Localisation of the industrial and technological footprint exists at a scale that is second to none. That is incredible value for the industry to go for. Today we export quite a bit from India to Europe and North America. So there is room for exponential growth. A strong domestic market will support this localisation “,he added.

Mr Chintan Shah, Director, IREDA seconded Kymal in welcoming the decoupling of manufacturers and project implementers. He also urged the industry to consider a role in the future with a place in the Hydrogen economy, where wind energy could be the green energy used in Hydrogen manufacture.

Ashwani Kumar- CEO, Suzlon Group. highlighted his firms role as a wind pioneer 25 years back.
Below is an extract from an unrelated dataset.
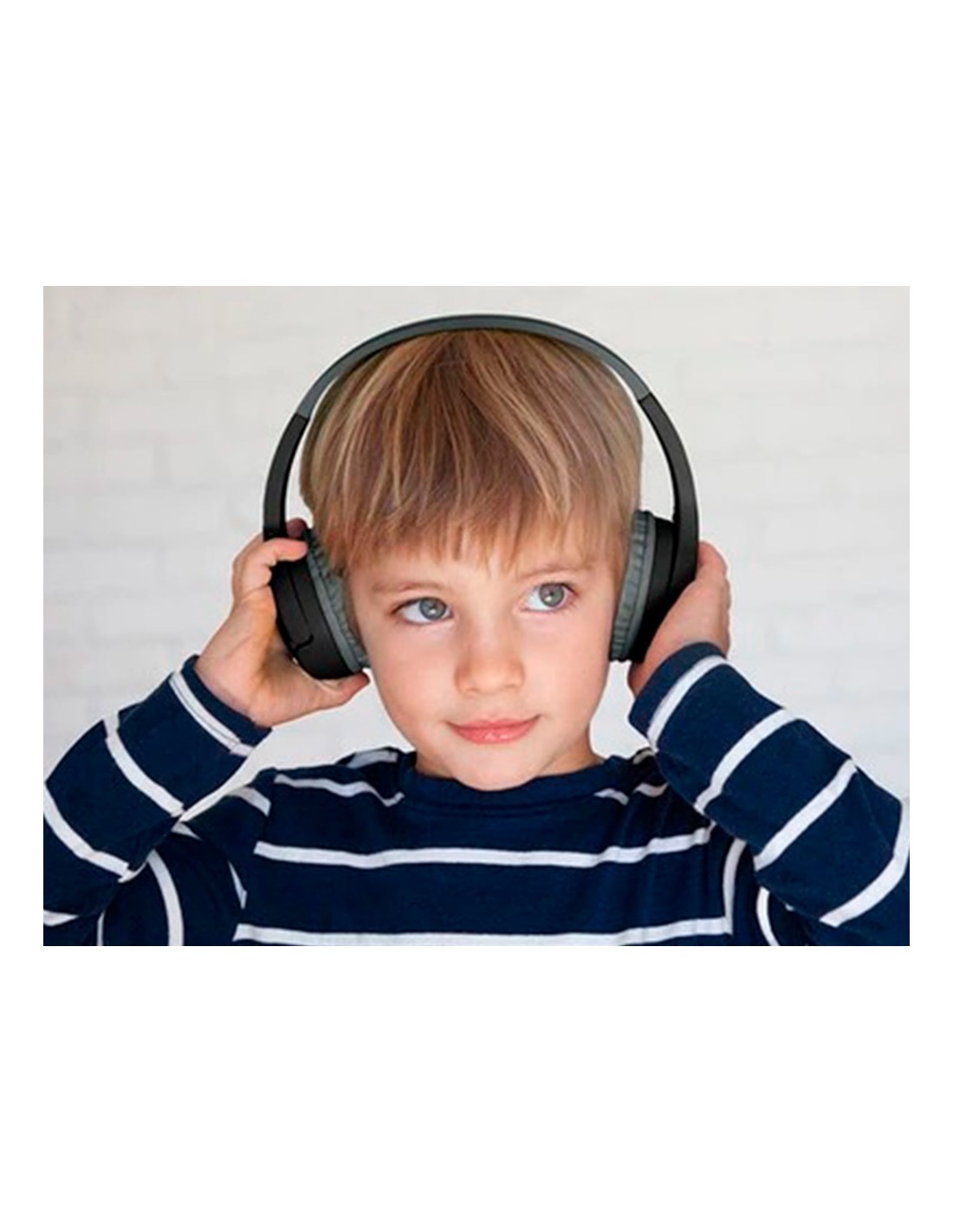 Especialmente diseñados para niños, garantizan la comodidad y su protección auditiva. Limitan el volumen a 85 dB. Con una autonomía de hasta 30 horas. Pruebas de durabilidad certifican un uso seguro de hasta 2 años y resisten las salpicaduras y los golpes accidentales. Un micrófono integrado permite a los niños usar sus dispositivos para hablar con sus profesores y amigos. La función Bluetooth 5.0 ofrece un alcance de 10 m. Puerto auxiliar de 3,5 mm y cable compatible de 1,2 m que ofrecen la posibilidad de conectar los auriculares directamente por cable a otros dispositivos.

A significant proportion of Indian installations, and over 6000 MW of exports have been done the firm, helping establish a 2000 strong MSME’s in supply chain in India.

Mr Rajnikanth Umakanthan, Managing Director, 3Tier India, Vaisala elaborated on the complexity due to changes in wind data that have been discussed recently.

Mr Neerav Nanavaty, Chief Executive Officer & Country Manager-India, ENGIE spoke on how onshore wind is a logistics or land problem in India. “It is easier for us to develop wind farms in many countries compared to India. There is a need for smaller footprints for accelerating deployment, and for making it a smoother journey for all the stakeholders. Adoption of wind by C&I customers would also help as they they stick to solar primarily because its an easier technology to deploy. Packaging smaller chunks key.”

He was also the one to highlight the potential in repowering.” Lots of grandfathered wind resources constrained by sub 1 MW turbines today. 4 GW in Tamil Nadu sitting at 10-15% or similar PLF. Through a coherent policy, we can unconstrain that and double the PLF”. Doing so would be a huge opportunity, and also change perceptions about relative efficiency of wind energy, as overall PLF’s are barely 20 percent in India, when they could be easily pushing 30 percent or more with newer technology upgrades for these old assets.